Play-time is over; now comes the time for education.
NORA
Whose education? Mine, or the children’s?
HELMER
Both, my dear Nora.
NORA
Oh, Torvald, you are not the man to teach me to be a fit wife for you.
HELMER
And you can say that?
NORA
And I—how have I prepared myself to educate the children?
HELMER
Nora!
NORA
Did you not say yourself, a few minutes ago, you dared not trust them to me?
HELMER
In the excitement of the moment! Why should you dwell upon that?
NORA
No—you were perfectly right. That problem is beyond me. There is another to be solved first—I must try to educate myself. You are not the man to help me in that. I must set about it alone. And that is why I am leaving you.
HELMER [ Jumping up.]
What—do you mean to say——?
NORA
I must stand quite alone if I am ever to know myself and my surroundings; so I cannot stay with you.
HELMER
Nora! Nora!
NORA
I am going at once. I daresay Christina will take me in for to-night——
HELMER
You are mad! I shall not allow it! I forbid it!
NORA
It is of no use your forbidding me anything now. I shall take with me what belongs to me. From you I will accept nothing, either now or afterwards.
HELMER
What madness this is!
NORA
To-morrow I shall go home—I mean to what was my home. It will be easier for me to find some opening there.
HELMER
Oh, in your blind inexperience——
NORA
I must try to gain experience, Torvald.
HELMER
To forsake your home, your husband, and your children! And you don’t consider what the world will say.
NORA
I can pay no heed to that. I only know that I must do it.
HELMER
This is monstrous!

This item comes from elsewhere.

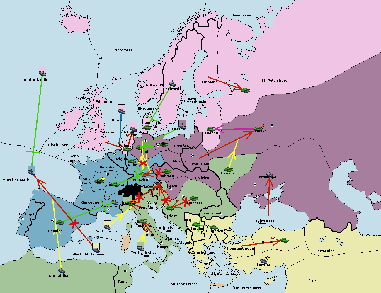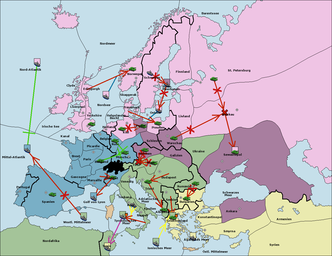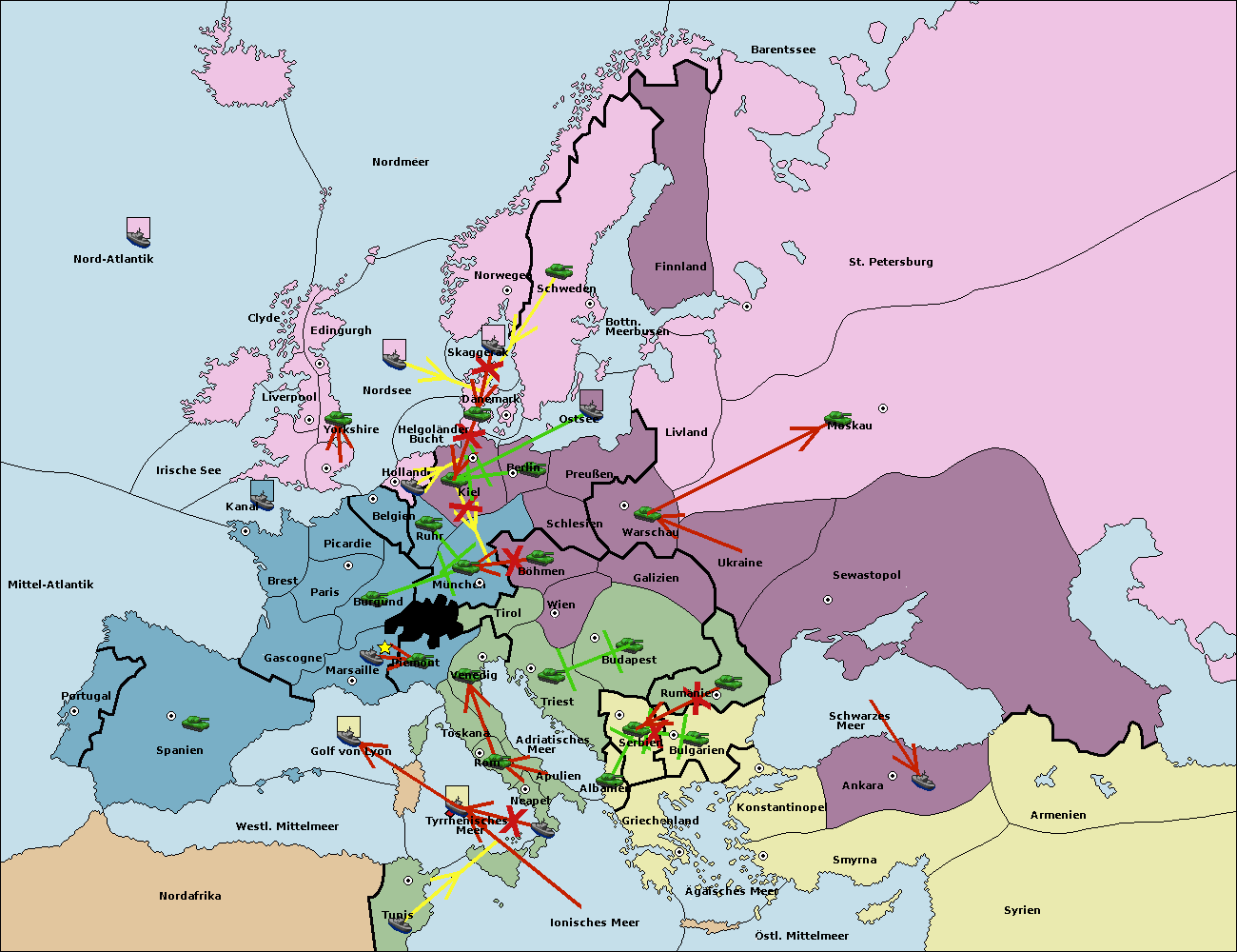 • Die Armee in Kiel support move nach München von Berlin.

Can you forsake your holiest duties in this way?
NORA
What do you consider my holiest duties?
HELMER
Do I need to tell you that? Your duties to your husband and your children.
NORA
I have other duties equally sacred.
HELMER
Impossible! What duties do you mean?
NORA
My duties towards myself.
HELMER
Before all else you are a wife and a mother.
NORA
That I no longer believe. I believe that before all else I am a human being, just as much as you are—or at least that I should try to become one. I know that most people agree with you, Torvald, and that they say so in books. But henceforth I can’t be satisfied with what most people say, and what is in books. I must think things out for myself, and try to get clear about them.